ZenBusiness
- Company type: Public-benefit corporation
- Industry: Fintech
- Founded: 2015; 11 years ago
- Founders: Ross Buhrdorf; Shanaz Hemmati;
- Headquarters: Austin, Texas, U.S.
- Key people: Mark Cuban
- Products: ZenBusiness Money; Velo;
- Website: www.zenbusiness.com

= ZenBusiness =

American software-as-a-service company

ZenBusiness is an American software-as-a-service (Saas) company that provides business formation and fintech services. It was founded in 2015 by Ross Buhrdorf and Shanaz Hemmati and is headquartered in Austin, Texas. It operates as a public-benefit corporation.

== History ==
ZenBusiness was founded in 2015 by Ross Buhrdorf and Shanaz Hemmati. Before founding ZenBusiness, Buhrdorf served as the CTO of the vacation rental company HomeAway, which was eventually acquired by Expedia. Hemmati also served as an executive at HomeAway before co-founding ZenBusiness with Buhrdorf. Mark Cuban serves as an advisor, shareholder, and spokesperson for ZenBusiness.
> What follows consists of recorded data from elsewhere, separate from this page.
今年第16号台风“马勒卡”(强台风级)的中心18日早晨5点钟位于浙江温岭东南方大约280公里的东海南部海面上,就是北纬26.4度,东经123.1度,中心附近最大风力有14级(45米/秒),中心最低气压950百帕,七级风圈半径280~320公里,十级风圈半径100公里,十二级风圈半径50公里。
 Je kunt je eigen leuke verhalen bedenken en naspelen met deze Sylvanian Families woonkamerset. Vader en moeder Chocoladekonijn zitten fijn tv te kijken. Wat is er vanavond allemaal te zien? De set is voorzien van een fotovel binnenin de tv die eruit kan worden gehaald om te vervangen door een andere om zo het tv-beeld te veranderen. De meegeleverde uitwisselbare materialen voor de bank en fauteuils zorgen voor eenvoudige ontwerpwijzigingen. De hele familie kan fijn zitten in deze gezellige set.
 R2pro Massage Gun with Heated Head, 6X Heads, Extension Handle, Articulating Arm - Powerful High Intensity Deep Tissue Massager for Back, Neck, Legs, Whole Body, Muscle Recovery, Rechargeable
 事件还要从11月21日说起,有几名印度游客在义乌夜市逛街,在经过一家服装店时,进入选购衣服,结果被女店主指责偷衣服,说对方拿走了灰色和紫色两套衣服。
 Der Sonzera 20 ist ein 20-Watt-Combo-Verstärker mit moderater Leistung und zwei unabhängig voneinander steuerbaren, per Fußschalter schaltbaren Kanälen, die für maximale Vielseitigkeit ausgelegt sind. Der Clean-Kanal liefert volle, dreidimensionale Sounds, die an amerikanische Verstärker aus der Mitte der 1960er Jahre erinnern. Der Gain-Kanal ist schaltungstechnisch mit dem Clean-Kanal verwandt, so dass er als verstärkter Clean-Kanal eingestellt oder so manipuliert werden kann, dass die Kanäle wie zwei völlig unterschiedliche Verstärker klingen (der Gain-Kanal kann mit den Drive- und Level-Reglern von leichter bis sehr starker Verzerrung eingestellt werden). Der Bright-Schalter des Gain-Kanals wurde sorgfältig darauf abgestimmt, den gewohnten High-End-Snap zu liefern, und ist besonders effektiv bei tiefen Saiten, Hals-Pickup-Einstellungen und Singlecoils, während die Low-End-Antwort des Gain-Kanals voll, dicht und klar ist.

Initially, the company operated according to a product-led growth (PLG) strategy, offering some services for free. In 2018, ZenBusiness began offering the same services and SaaS simultaneously. In 2020, ZenBusiness transitioned to an annual package-based model.

In the same year, ZenBusiness acquired the digital banking platform Joust. The following year, ZenBusiness launched its own money management app, ZenBusiness Money. In 2022, ZenBusiness acquired the growth-engine platform Ureeka.
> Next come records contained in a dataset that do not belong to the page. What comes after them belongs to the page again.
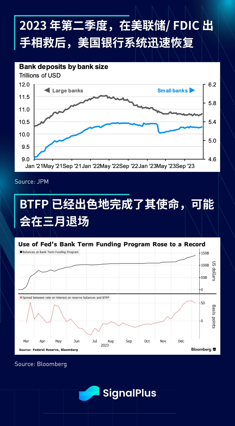 BTFP 计划成功地帮助银行度过了存款外逃时期,使银行存款余额最终趋于稳定,由于银行不再需要紧急流动性支持,该计划可能会在 3 月退出市场。近几个月来,随著 OIS 利率下降,银行获得了另一个套利机会,使得 BTFP 的使用额度激增至历史新高。
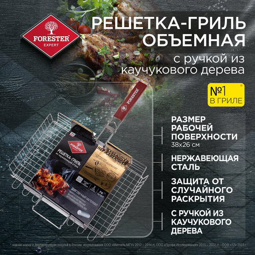 Решетка - гриль, для мангала, FORESTER 26*38 см объемная большая, нержавеющая сталь с ручками из каучукового дерева
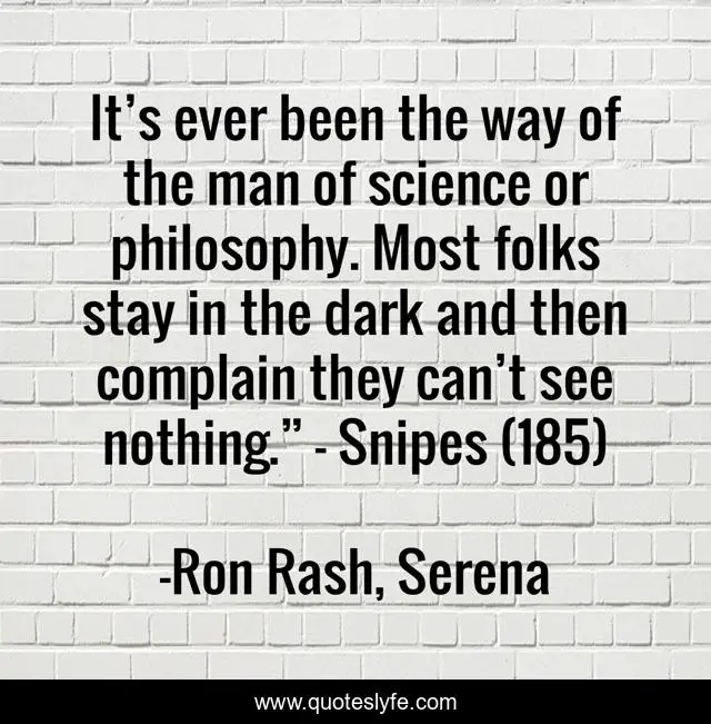 This page presents the quote "It’s ever been the way of the man of science or philosophy. Most folks stay in the dark and then complain they can’t see nothing.” – Snipes (185)". Author of this quote is Ron Rash, Serena. This quote is about darkness, science, philosophy, ignorance, sight, enlightenment,.
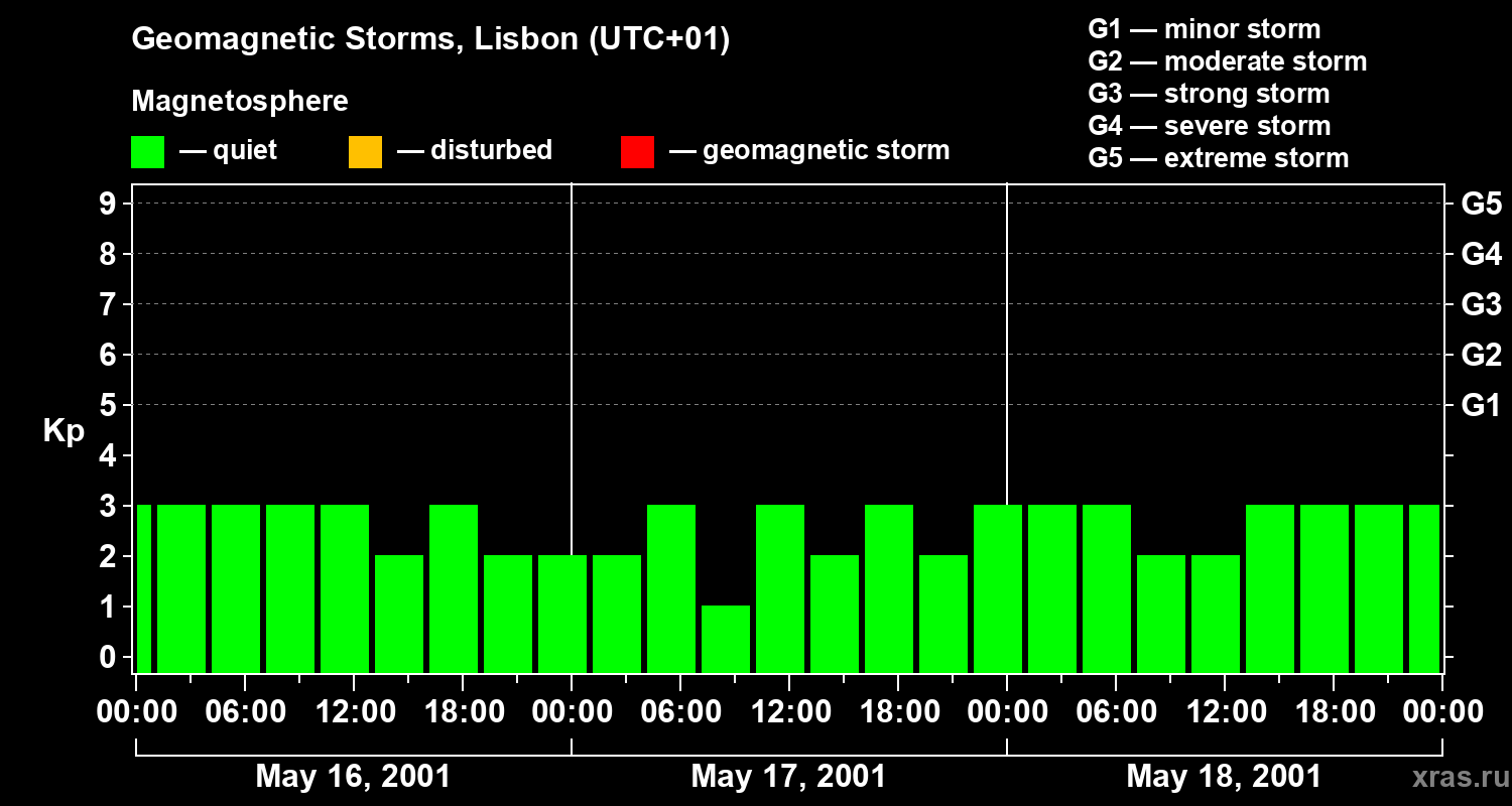 Changes in the geomagnetic index Kp from May 16 to 18, 2001 for mid latitudes

ZenBusiness launched Velo, an AI agent and chatbot for automating business tasks, such as filing regulations, doing research, creating websites, and providing personalized advice, in 2025.

In March 2026, the ransomware group ShinyHunters claimed responsibility for stealing several terabytes of data from ZenBusiness via vishing. The group issued a warning, demanding a ransom payment by March 25 or the stolen data would be leaked.